Jika acuan Uni Eropa terlalu ekstrem dan dipotong setengah pun yakni 30%, Agustinus menyebut Utang Luar Negeri (ULN) Indonesia tetap berada di ambang batas wajar. Bahkan kata dia, dibanding negara ASEAN lain, rasio tersebut juga masih tergolong angka yang aman.
Agustinus mengingatkan bahwa kalau isu utang tidak sekadar dilihat dari hasil, namun soal efektivitas terutama di sektor swasta yang berbiaya relatif mahal.
Ada dua hal utama yang meningkatkan rasio utang meningkat. Pertama, karena kebutuhan untuk mengisi jurang di Anggaran Pendapatan Belanja Negara (APBN) meningkat. Kedua, karena faktor depresiasi nilai tukar rupiah.
Jika sebagian besar utang adalah dalam mata uang Dollar Amerika Serikat, maka nilai rupiah yang melemah ikut mempengaruhi. "Memang, rupiah kian menguat, tapi belum signifikan, belum terlalu sustainabel," paparnya.
Di sektor swasta, pada 2012 porsi utang sebesar US$ 126,25 miliar atau 50% dari total utang, meningkat di 2013 menjadi US$ 140,51 miliar atau 53,21% dari total utang.
Agustinus menilai, aman tidaknya sektor ini tergantung dari faktor apakah swasta yang dimaksud domestik atau luar negeri. "Kalau domestik lebih aman karena tidak ada risiko kurs," kata Agustinus.

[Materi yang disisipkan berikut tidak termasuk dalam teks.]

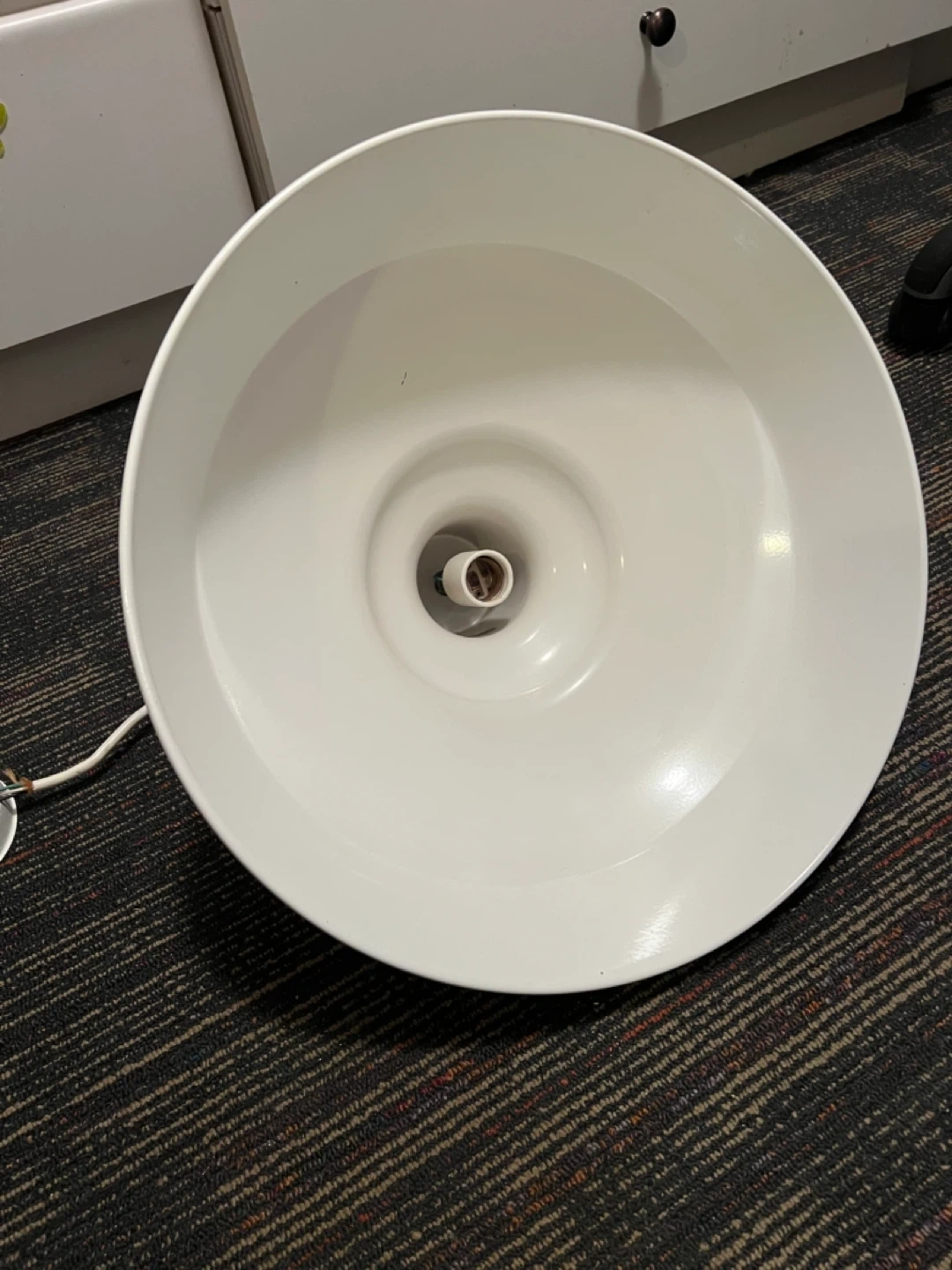 Selling a white pendant lamp. It's in great condition and ready to brighten up your space! Perfect for adding a touch of modern style to any room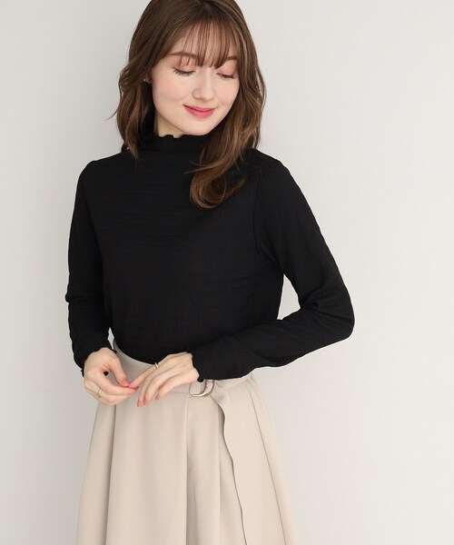シアーのハイネックプルオーバー!【デザイン】ハイネックデザインなのでインナーとして首元だけ出したレイヤードスタイルもおすすめです。パイピング部分はフェミニンなメローデザイン。【素材】しぼ感のある柔らかく伸縮性のある素材。シアー感有り。※こちらの商品はやや透け感があるため、インナーの着用をおすすめします。モデル情報:身長163cm B81 W56 H82 着用サイズ:02(M)店舗へのお問い合わせ商品番号:741-16310●製品寸法:02(M):着丈61cm B90cm 袖丈59cm 肩幅35cm03(L):着丈63cm B93cm 袖丈60cm 肩幅36cm備考: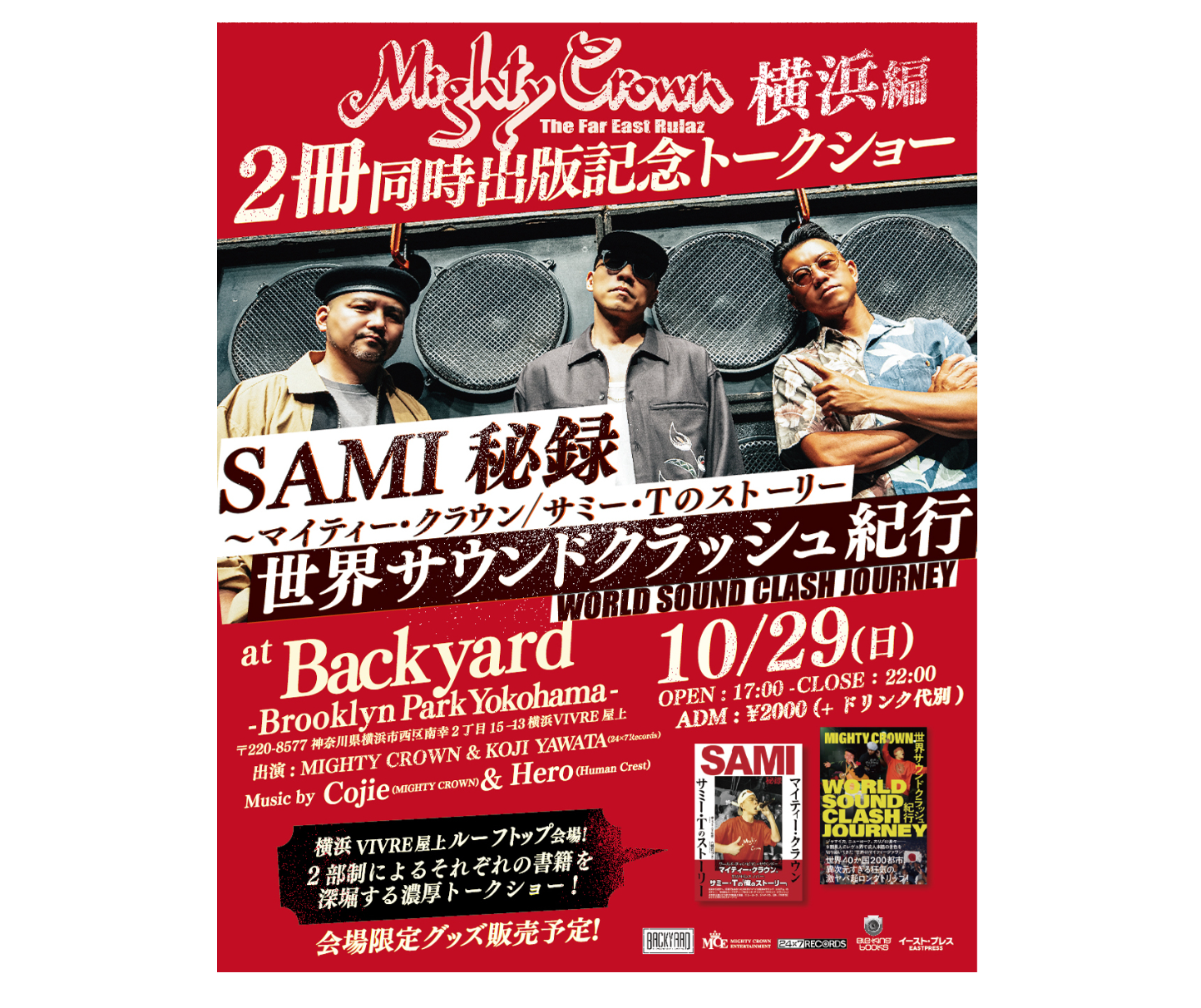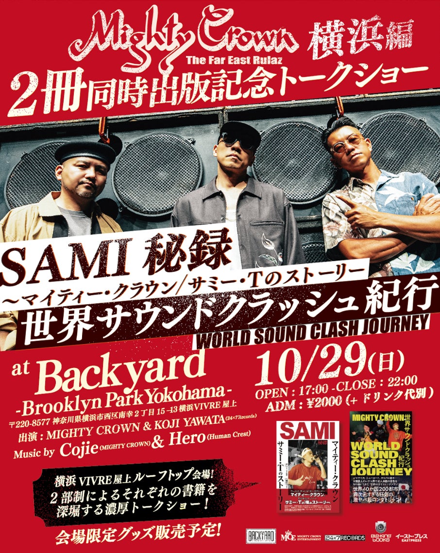 この度は10月29日(日)に、日本代表のみならず世界のレゲエアンバサダーやカルチャーアイコンとして活躍するレゲエサウンドグループ・Mighty Crownの出版記念トークショーを開催する運びとなりました。本トークショーはMighty Crownを紐解くヒストリー本、「SAMI秘録~マイティー・クラウン/サミー・Tのストーリー」、「世界サウンドクラッシュ紀行」の2冊同時出版記念としての実施となります。ぜひ会場へお越しください。

Selain itu, kenaikan juga amat bergantung pada pasar keuangan. Saat ini, situasinya dinilai masih relatif konvensional, belum ada hedging.
Sementara itu, implikasi ke meningkatnya debt service ratio (DSR) disebabkan sebagian besar dari penerimaan ekspor dipakai untuk membayar utang. Dus, hasil ekspor yang bisa digunakan untuk pembangunan menjadi semakin kecil. "Ini menyebabkan profil risiko meningkat. Tentu saja suku bunga naik sehingga biaya untuk mendapatkan dana semakin meningkat," tambahnya.
Senada dengan Agustinus, Ekonom Bank Central Asia David Sumual mengutrakan bahwa rasio ULN masih terhitung aman. "Jika diukur dalam Dollar AS, masih cukup aman, tidak ada masalah," tukasnya. Meski masih aman, David menilai Indonesia tetap harus berhati-hati agar rasio ULN tak semakin membubung.